About this exercise: I would like every record reproduced exactly, with the pictures left out.

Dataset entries
————
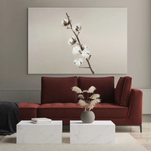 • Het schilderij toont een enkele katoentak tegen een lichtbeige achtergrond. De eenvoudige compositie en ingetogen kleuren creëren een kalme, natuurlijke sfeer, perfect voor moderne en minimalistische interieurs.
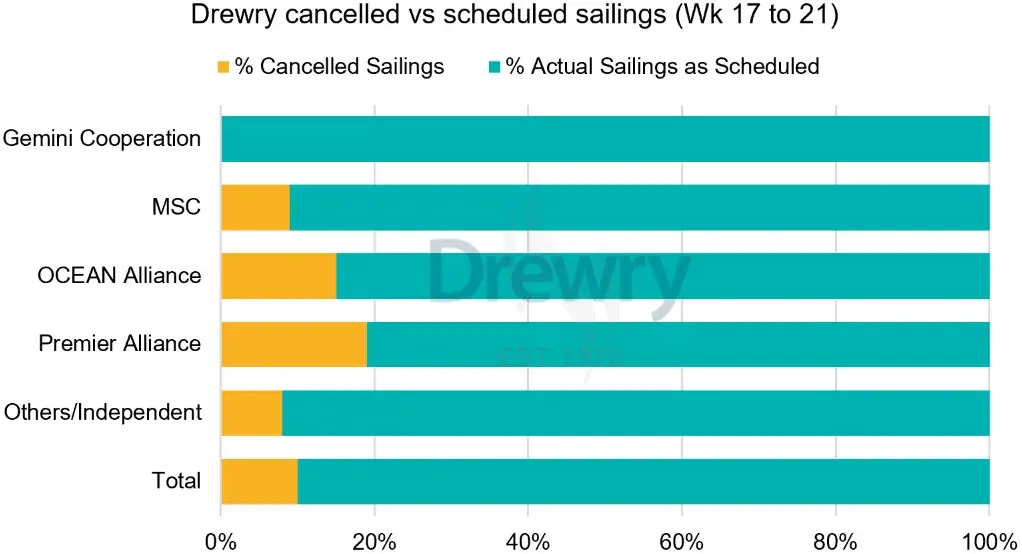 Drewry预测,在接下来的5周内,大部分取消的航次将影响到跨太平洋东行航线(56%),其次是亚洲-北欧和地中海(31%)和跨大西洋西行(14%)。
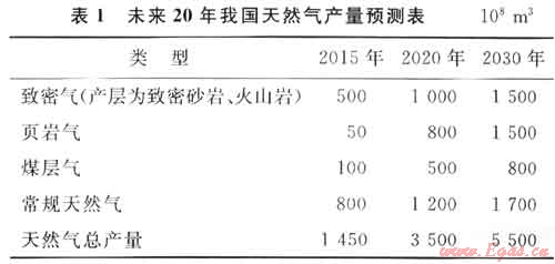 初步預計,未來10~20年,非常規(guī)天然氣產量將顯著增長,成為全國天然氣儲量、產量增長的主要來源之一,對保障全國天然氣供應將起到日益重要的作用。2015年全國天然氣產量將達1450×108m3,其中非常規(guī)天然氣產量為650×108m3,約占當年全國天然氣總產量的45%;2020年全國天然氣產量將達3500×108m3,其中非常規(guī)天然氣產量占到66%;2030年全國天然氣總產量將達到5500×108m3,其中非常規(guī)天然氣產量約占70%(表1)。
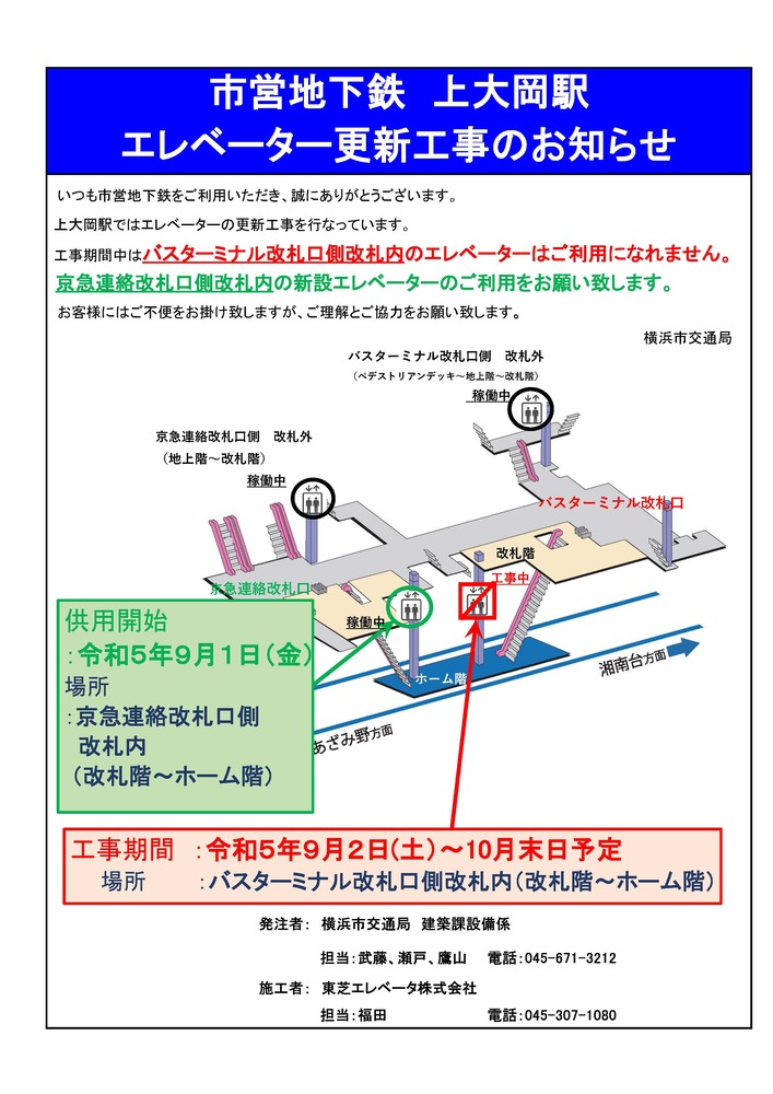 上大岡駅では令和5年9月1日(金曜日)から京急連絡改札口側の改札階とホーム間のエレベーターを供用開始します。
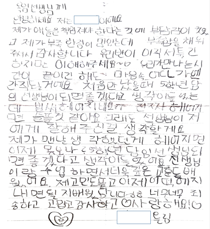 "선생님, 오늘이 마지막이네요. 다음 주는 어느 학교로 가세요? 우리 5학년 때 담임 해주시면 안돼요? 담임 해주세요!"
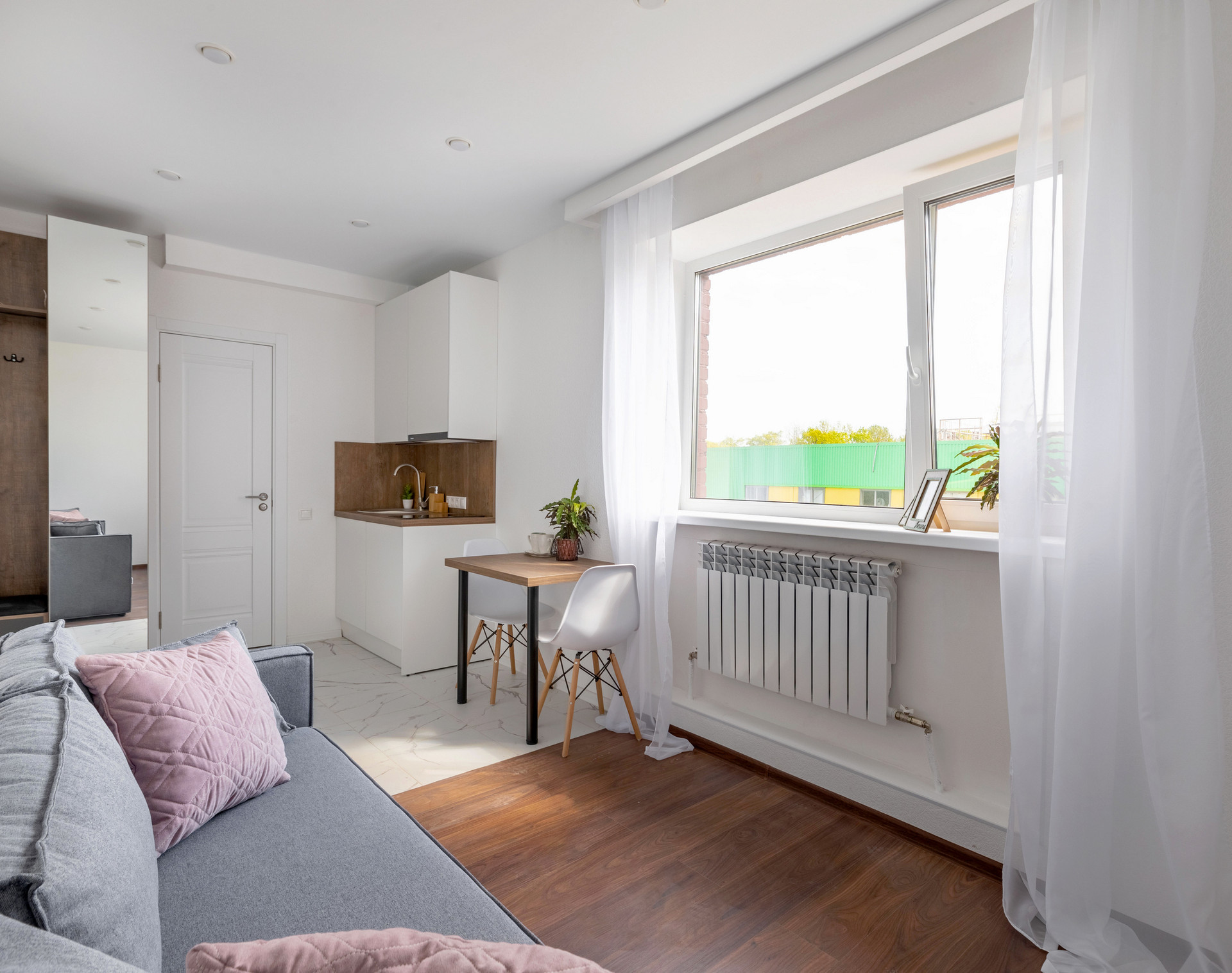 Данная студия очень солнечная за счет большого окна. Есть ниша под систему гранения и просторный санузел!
————
Written reply:
 • Het schilderij toont een enkele katoentak tegen een lichtbeige achtergrond. De eenvoudige compositie en ingetogen kleuren creëren een kalme, natuurlijke sfeer, perfect voor moderne en minimalistische interieurs.
 Drewry预测,在接下来的5周内,大部分取消的航次将影响到跨太平洋东行航线(56%),其次是亚洲-北欧和地中海(31%)和跨大西洋西行(14%)。
 初步預計,未來10~20年,非常規(guī)天然氣產量將顯著增長,成為全國天然氣儲量、產量增長的主要來源之一,對保障全國天然氣供應將起到日益重要的作用。2015年全國天然氣產量將達1450×108m3,其中非常規(guī)天然氣產量為650×108m3,約占當年全國天然氣總產量的45%;2020年全國天然氣產量將達3500×108m3,其中非常規(guī)天然氣產量占到66%;2030年全國天然氣總產量將達到5500×108m3,其中非常規(guī)天然氣產量約占70%(表1)。
 上大岡駅では令和5年9月1日(金曜日)から京急連絡改札口側の改札階とホーム間のエレベーターを供用開始します。
 "선생님, 오늘이 마지막이네요. 다음 주는 어느 학교로 가세요? 우리 5학년 때 담임 해주시면 안돼요? 담임 해주세요!"
 Данная студия очень солнечная за счет большого окна. Есть ниша под систему гранения и просторный санузел!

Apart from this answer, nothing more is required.